__WORK ORDER__
Leave out every picture, and restate word for word only the lines from the one containing "Hermes Picotin Lock" through the end of the material.

(PROVIDED MATERIAL)

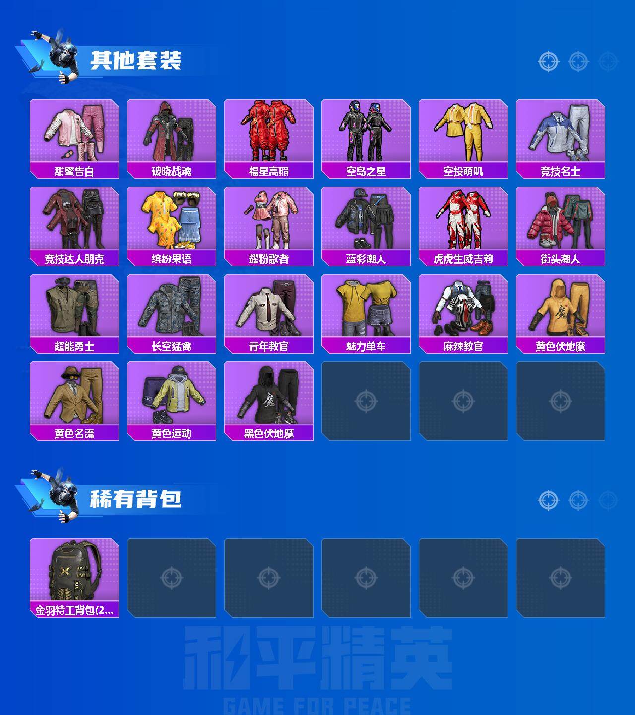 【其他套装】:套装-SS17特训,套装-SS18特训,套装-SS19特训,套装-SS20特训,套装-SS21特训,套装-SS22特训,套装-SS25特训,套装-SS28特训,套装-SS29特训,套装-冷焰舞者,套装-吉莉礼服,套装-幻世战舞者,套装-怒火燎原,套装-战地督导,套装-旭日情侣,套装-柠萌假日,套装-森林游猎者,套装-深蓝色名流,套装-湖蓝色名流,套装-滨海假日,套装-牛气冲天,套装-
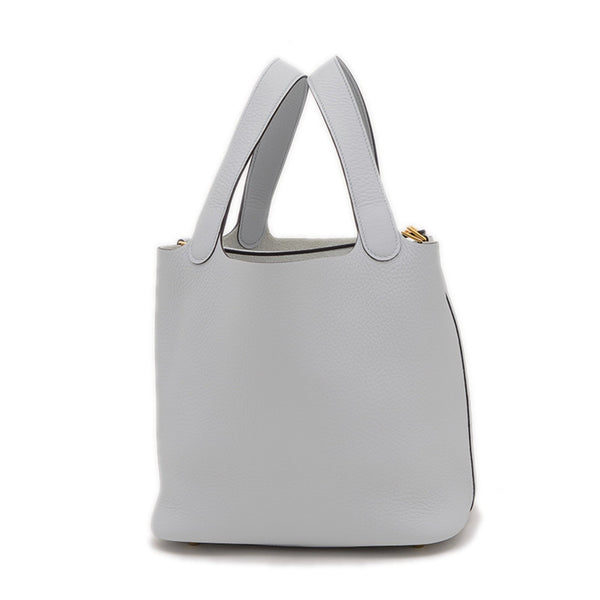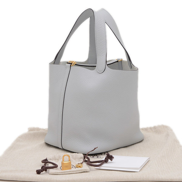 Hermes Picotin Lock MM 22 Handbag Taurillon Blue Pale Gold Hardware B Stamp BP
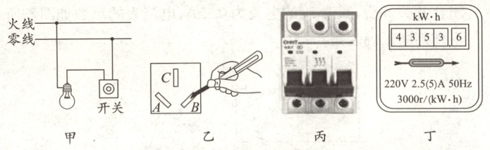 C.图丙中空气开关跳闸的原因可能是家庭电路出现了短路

(End PROVIDED MATERIAL)

__THE ANSWER__
 Hermes Picotin Lock MM 22 Handbag Taurillon Blue Pale Gold Hardware B Stamp BP
 C.图丙中空气开关跳闸的原因可能是家庭电路出现了短路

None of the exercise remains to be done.